Мы бросали в воду травинки и листочки, которые сразу превращались во вражеские корабли. Они подбирались к берегам нашей Родины. Ни я, ни Федька никогда не были на море, но мы не сомневались, что всё происходило именно так.
После появления вражеской эскадры я торжественным голосом, пытаясь скопировать радио, объявлял:
- Внимание! Внимание! Фрицы наступают.
- Огонь по гадам! - подхватывал Федька, и на плавающие травинки обрушивался град глиняных комьев или камней. Шансов выжить в такой переделке у врага не оставалось. Корабли противника ни разу не достигли нашего берега и не смогли высадить десант.
- А тётке Вальке вчера письмо принесли про Пашку, - сообщил Федька, вытирая грязные руки о штаны и шмыгая носом, на кончике которого засохло пятнышко глины.
- Откуда знаешь?
- Мамка с бабкой вечером говорили. Думали, я сплю, но я всё слышал. Сказали, что где-то возле моря его убили.
Я теребил зубами травинку и вспоминал Пашку. Он был самым хулиганистым подростком в селе. Курил вонючий самосад, гордо, заломив кепку и накинув потертый и не по размеру большой пиджак на плечи, ходил по улицам и гонял пацанов, даже нас с Федькой. Я боялся этого нескладного и угловатого детину, который воровал у своей матери самогон и распивал с дружками возле пруда, а потом горланил хрипловатым, часто срывающимся на фальцет голосом похабные песни.
Но теперь во мне проснулось что-то похожее на жалость, как два месяца назад, когда издох наш старый пёс Тузик. Один раз он меня хватанул за пальцы, и я обходил его стороной, но при случае обязательно дразнил. А когда собаки не стало, я плакал.
Уже тогда я понимал, что умереть - это не улететь на небо с ангелом, как говорила бабушка, а лечь в яму, в которую будут сыпать землю. А позже воткнут в холмик крест, словно ключ, что запрёт дверь за спиной навсегда покидающего свой дом.
- А ты боишься умереть? - отрешённо, словно роняю камешек в воду, спрашиваю я.
- А как это? - вскидывает голову Федька. Его пепельные глаза смотрят на меня с удивлением. Он всегда относился ко мне как к главному в нашей маленькой кампании. Я был выше его на полголовы и старше на два месяца.
- Ну, как Пашка?
- Это когда мамка и соседки плачут?
- Угу.
- Я не люблю, когда мамка плачет.
Играть больше не хотелось, и мы пошли ломать камыш. Его почти не осталось, но, побродив по берегу пруда, нам удалось собрать целый сноп.

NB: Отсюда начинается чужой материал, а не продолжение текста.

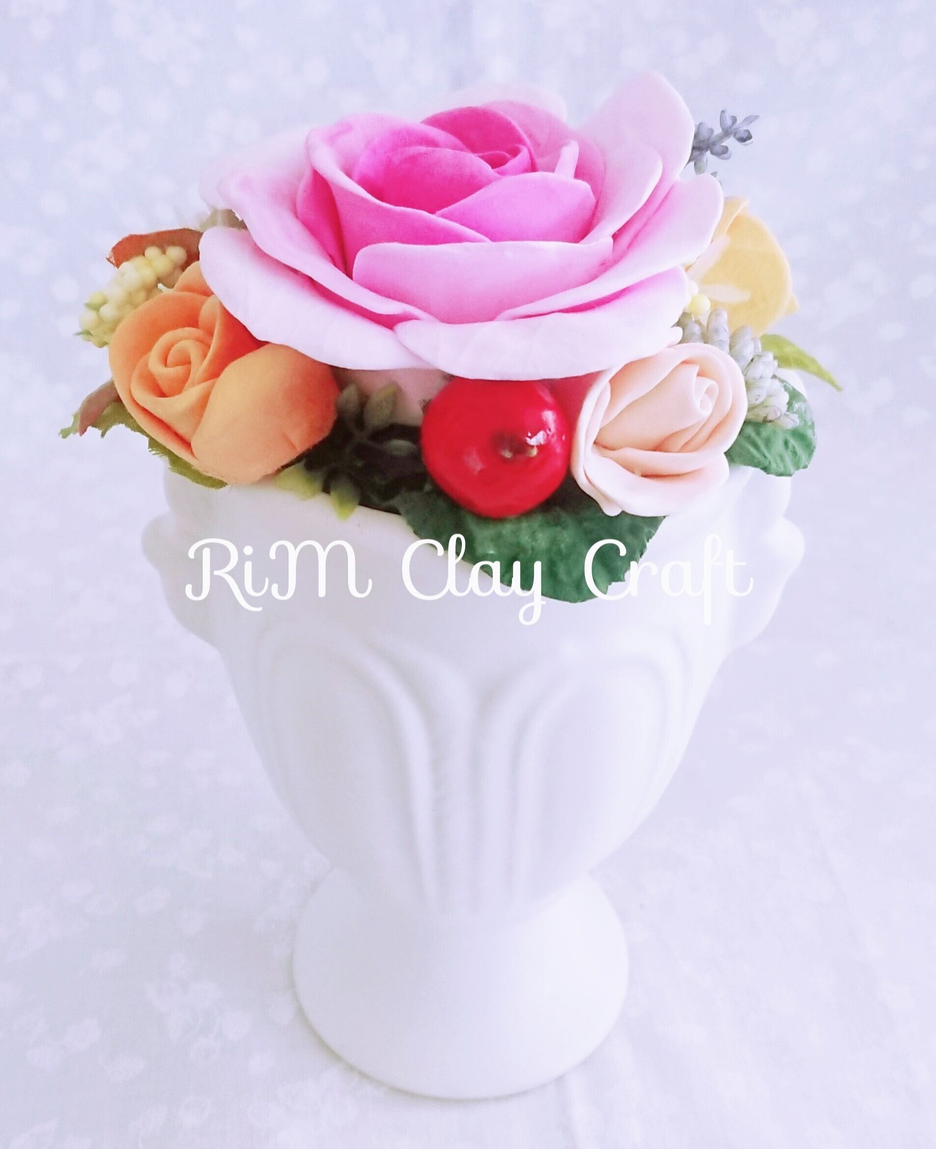 樹脂粘土で作った淡いピンクの薔薇と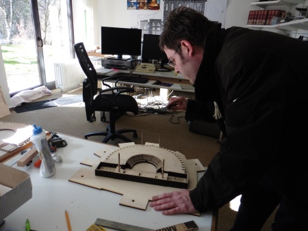 | Nun liegen die auf digitalen Datenangaben im Lasercutverfahren erstellten 2mm Birkensperrholzplatten vor und müssen passgenau aufgeschichtet und verklebt werden, was Michael Siepen ausführt. | |

Федька взял половину, прижал колючие стебли к груди и, смешно, как гусак, расставляя ноги, пошёл к селу. Я смотрел ему вслед, и мне вдруг стало жалко своего единственного друга. Я и предположить не мог, что накануне нового года Федьки не станет. Лихорадка за три дня сожрёт его, а женщины будут жечь костры, чтобы размягчить землю и похоронить иссохшее тело.
На его могилке вырастет тоненькая берёза, которую никто не сажал. Через три недели после смерти Федьки убьют его батьку, а мамку соседи вытащат из петли и, связав вожжами, отвезут в город Фрунзе1.
Она тихо и безвольно лежала на телеге, прикрытая тулупом, её чёрные волосы разметались по лицу и плечам. Даже холодное январское небо боялось заглянуть в потухшие и ввалившиеся глаза молодой женщины. Тогда я видел её последний раз.
Дед опирался на клюку и подслеповато щурился на нас с Федькой. Старый и сгорбленный, ежеминутно срывающийся в кашель, - мне всегда казалось, что так должен выглядеть Кощей Бессмертный. Только дед не был страшным и даже изредка баловал меня, покупая на рынке разноцветные леденцы. Или усадив на колени, начинал рассказывать, как сражался в Сибири с войсками Колчака, а потом был откомандирован в Среднюю Азию для борьбы с басмачами.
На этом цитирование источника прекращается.